Remember, the stretcher has straps too.  Use them to secure the car seat.  But make DAMN sure that car seat is strapped to something.  If YOU get in an accident and the seat is not secured, that patient does not have a chance.


----------



## Lifeguards For Life (Dec 27, 2009)

medichopeful said:


> Remember, the stretcher has straps too.  Use them to secure the car seat.  But make DAMN sure that car seat is strapped to something.  If YOU get in an accident and the seat is not secured, that patient does not have a chance.



Many ambulances allow for a car seat to be securely fastened in to the air chair.


----------



## wyoskibum (Dec 27, 2009)

leadfall said:


> So here is the question.  What are your thoughts on children in car seats in an MVA being removed vs packaged in the car seat?  What are your reasons for doing one or the other?  and how do you transport the car seat in the ambulance now that the car seat retention straps have most likely been cut during the extrication?



It is going to depend on how bad the MOI is.  Minor fender bender with no indication of injuries, but parents want transport to get child "checked out" vs severe MOI, major damage to vehicle, injuries to other occupants.

If the child is going to be a patient, then I will most likely transfer from child seat to backboard & gurney so I can do a good physical exam and have access to provide care.


----------



## JPINFV (Dec 27, 2009)

Lifeguards For Life said:


> Many ambulances allow for a car seat to be securely fastened in to the air chair.



All ambulances have stretchers that can properly secure a car seat. You might have to move a few seat belt straps around, but it is definitely possible.


----------



## firemedic1563 (Dec 28, 2009)

There are experts and authors of EMS texts that recommend both, in the same literature often times. They all tend to agree that it is only appropriate in more minor MVC's. But to answer your questions:

1. My thoughts: personally, I don't find that most car seats give proper positioning for securing an child/infant that you already suspect that at the least there is mechanism to potentially cause a spinal injury. First, there is no mechanism allowing for the larger heads. You could add padding under the shoulder, but if your going to manipulate them that much, why not remove them to a board? Second, while you can certainly support lateral movement with a horeshoe roll, every stop you make is going to tend to move the head forward against any tape, and with many car seats, the edge that you would normally secure the tape to may be higher than the head itself. The carseat would have to be transported sitting up. 

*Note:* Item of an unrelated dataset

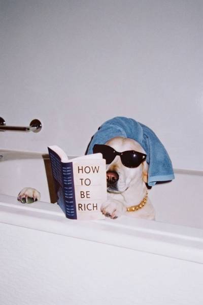 Prompt: Genera una imagen utilizando esta idea de un perro que es su propio jefe. La imagen debe ser de un perro Shitzu, que tenga gafas de sol, esté en un contexto Newyorkino, tenga un cafe latte en la mano, y esté viviendo su vida de boss, con mucho dinero.
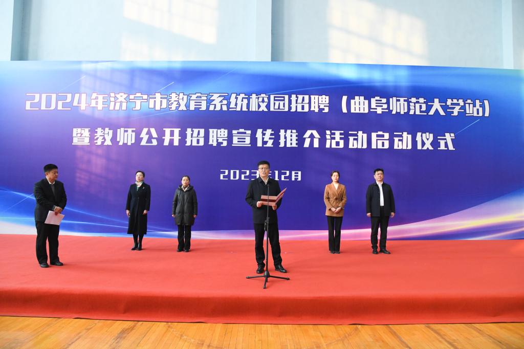 济宁市委教育工委常务副书记,市教育局党组书记、局长王洪正在主持仪式中表示,济宁市创新招聘方式,通过实施“优才计划”“校园招聘”“名校人才直通车”等系列人才招引活动,强化“人岗匹配”,探索采取“先面试、后笔试”的形式,科学运用面谈、面试、专业技能测试、答辩等形式,将最优质资源向青年人才敞开,吸引更多青年人才到教学一线任教,进一步优化教师队伍年龄、学历结构。本次校园招聘会的举办,有效促了进教育人才供需对接,实现“助力高校毕业生解决就业”和“留才引凤建设高素质教师队伍”的双赢。济宁市人力资源和社会保障局副局长、党组成员张慧慧介绍了济宁市人才招引优惠政策、基础教育的工作环境、城市建设发展目标等,表达了对懂教育、会讲课、有发展潜力的优秀毕业生的迫切需求。

2. Why? Foremost because I dont believe that I can do an adequate physical assesment, to include the posterior. I also don't believe the car seat ensures proper immobilization and positioning to maintain an airway. Third, car seats that have sustained the force of any decent collision should not be used as they may no longer be structurally sound. Finally, our state protocols FORBID it, as the specific team protocols for the Pediatric Critical Care Team for which I work occasionally.


----------



## EMSBLONDIE24 (Dec 28, 2009)

I usually remove the child from the car seat and place them on a long board, especially in a serious accident. If it's a minor fender bender and the parents simply want the baby checked out, I might leave the child in the car seat. That would really be determined on scene though, from what I see of the accident damage and the child's general appearance.
Ideally, the child (in my opinion) should be lying flat and straight so the body falls in a  natural line or position. This allows you to do a full assessment and makes any abnormalities (laceration, swelling etc) more obvious than if a child was still in the seat and their legs are bent, back and spine are inaccessible etc.  As bought up by someone else, a postier check can't be done in a car seat. And what if a splint had to be created or a wound wrapped? Car seats would make that a difficult task. Also, if the child must suddenly be intubated :sad: or has difficultly breathing, I want them flat in case airways have to be inserted, CPR must be performed, IVs inserted etc.  
As to answering the second part of your question, if the car seat straps have already been cut I'd use cravats. Car seats have plenty of hooks to tie them to and hey, cravats can be used for pretty much anything!


----------



## medichopeful (Dec 28, 2009)

EMSBLONDIE24 said:


> As to answering the second part of your question, if the car seat straps have already been cut I'd use cravats. Car seats have plenty of hooks to tie them to and hey, cravats can be used for pretty much anything!



Are cravats really strong enough to hold a car seat in an MVC?


----------



## Lifeguards For Life (Dec 28, 2009)

medichopeful said:


> Are cravats really strong enough to hold a car seat in an MVC?



What is a Cravat?


----------



## WTEngel (Dec 29, 2009)

Interesting conversation...

As for utilizing the car seat in the ambulance, keep in mind that most manufacturers recommend that the car seat be discarded after any accident, as the structural integrity may have been compromised. This is one way that car seats help protect, is that they will deform and absorb the impact. 

I say this because if you were to have another accident in the ambulance while transporting, the protection of the car seat could come into question.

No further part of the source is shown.